Action item:
The reply should hold every line of the data below, unchanged, and none of the pictures.
START Data excerpt
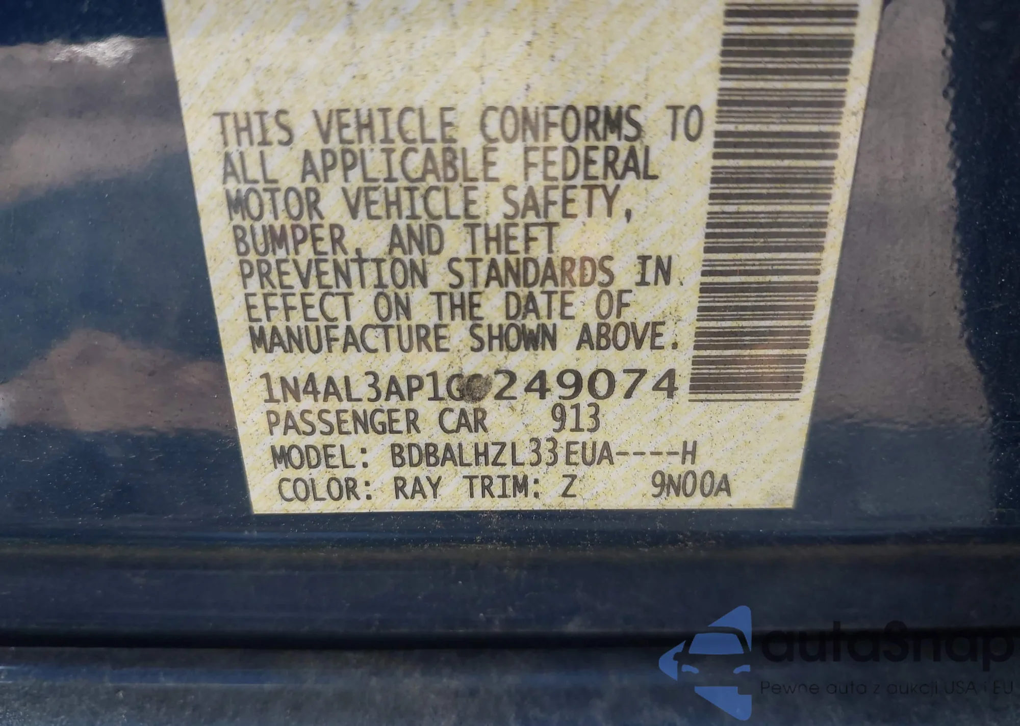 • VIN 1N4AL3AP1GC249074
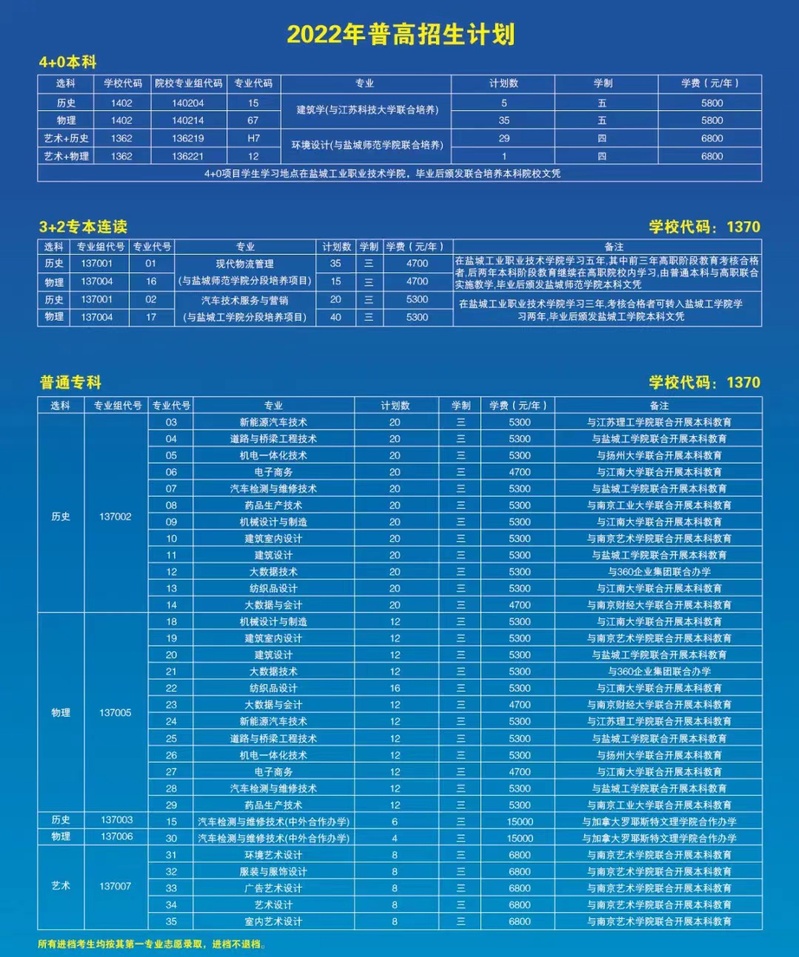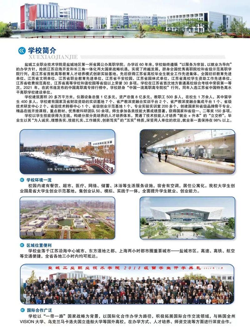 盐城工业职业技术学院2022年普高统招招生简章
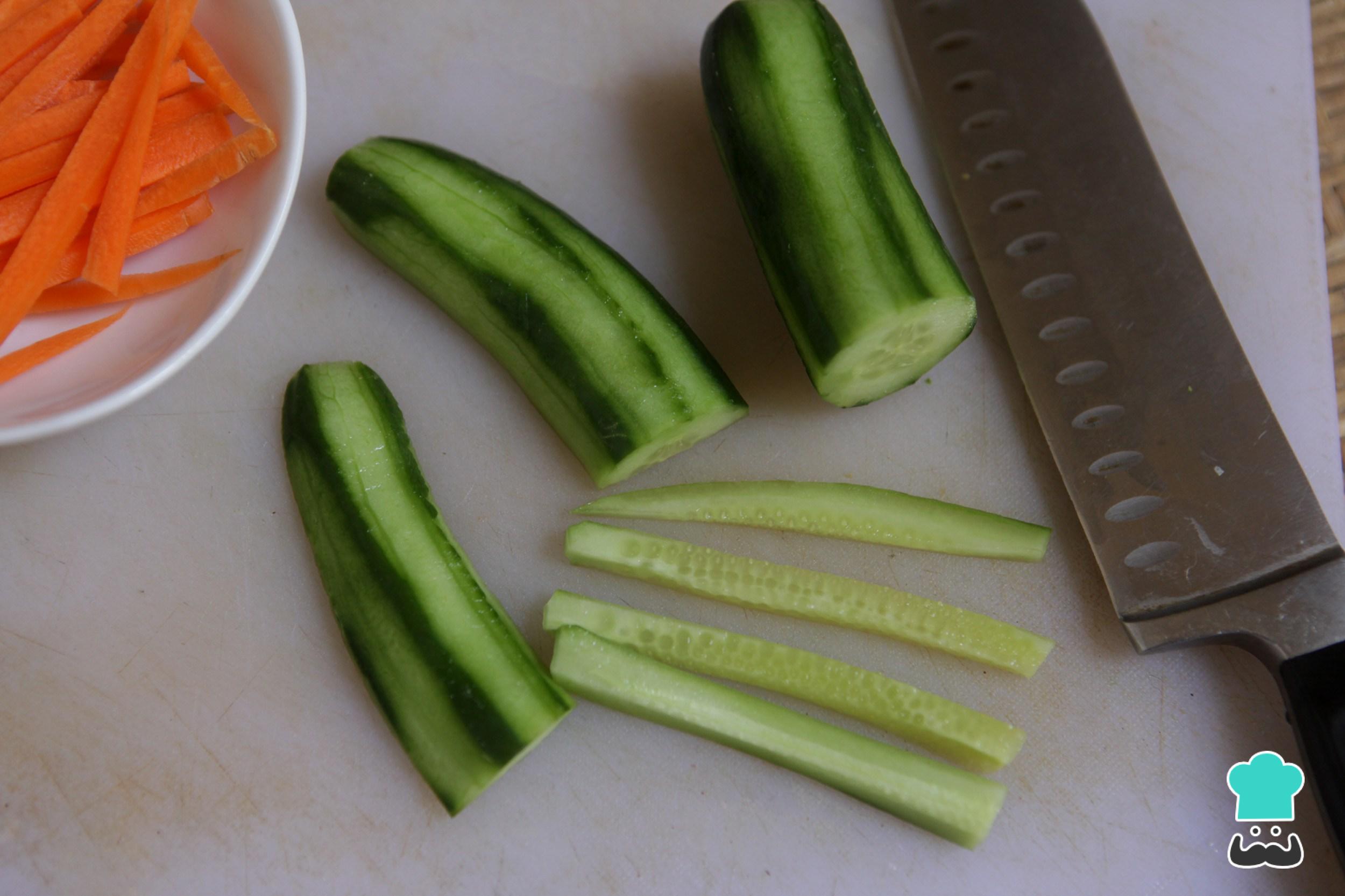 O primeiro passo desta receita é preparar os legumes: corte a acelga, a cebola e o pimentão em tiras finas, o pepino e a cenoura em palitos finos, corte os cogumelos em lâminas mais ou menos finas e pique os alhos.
END Data excerpt
Answer to this task:
 • VIN 1N4AL3AP1GC249074
 盐城工业职业技术学院2022年普高统招招生简章
 O primeiro passo desta receita é preparar os legumes: corte a acelga, a cebola e o pimentão em tiras finas, o pepino e a cenoura em palitos finos, corte os cogumelos em lâminas mais ou menos finas e pique os alhos.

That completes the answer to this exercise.